No rules about this really. Or perhaps there is only one rule - you need to make (or have) the space where inspiration can get through. So personal anxieties, irksome work, family duties and so on are probably not that great for creativity. I would say waking up in the morning with the beginnings of a tune is a nice way to move into composing. Strangely I have often found hangovers quite conducive to composition. Routine repetitive housework is OK - space for the mind to find a melody. Probably for me, just being in free flow at the keyboard is the most productive. A little phrase catches your ear and then being at the keyboard you can develop it very quickly. Obviously a work by another composer can often be a good starting point. Chopin was inspired by Beethoven, so why not?


----------



## mikeh375 (Sep 7, 2017)

I always like to find some definitions first off, ones that may help to create a soundworld. That might be something like extracting as much musical inference from a chord as I can get, or perhaps work with bespoke scales, or sets of notes and see if I can extract any useful material. Once done I then like to improvise and generally grub around in the musical dirt, a) to get a feel for the space and b) to see if I can find anything that will set off a spark or some kind of intuitive recognition. Nothing is really set unless I get a sniff of an idea. Well that's the idea in theory, in reality it can be damn well messy and often is especially when ideas start to come and dictate otherwise.
Either way I'm a firm believer in not waiting around for inspiration, if it's going to come, it will only do so if the ground is already part set.
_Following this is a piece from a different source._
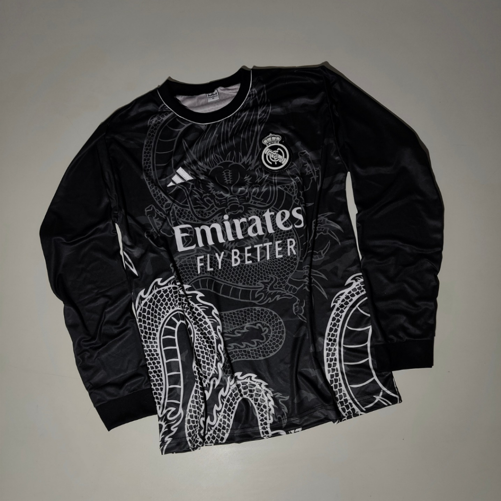 CAMISA DO REAL MADRID MANGA LONGA PRETA 1° LINHA

A composer once said (I can't remember who it was and I'll have to paraphrase somewhat too), that one should never bother composing unless the not composing becomes bothersome....wise words ???


----------



## dko22 (Jun 22, 2021)

mikeh375 said:


> A composer once said (I can't remember who it was and I'll have to paraphrase somewhat too), that one should never bother composing unless the not composing becomes bothersome....wise words ???


excellent philosophy!


----------



## verandai (Dec 10, 2021)

Sometimes I also have to respect deadlines (f.e. for a concert), but of course they are not that strict like for professional assignments.

Then I also force myself to be creative - either by improvising on a keyboard, or by lying down on a couch and imagining the music in my head. But the results are usually better if I can take the time for a hike or a cycling tour. Of course this method takes longer, so I use it only for the initial ideas, or when I'm stuck somewhere and need different ideas.

When I'm stuck it sometimes also helps for me to hear the new piece in a loop while doing something completely different (like my normal job as a software developer).


----------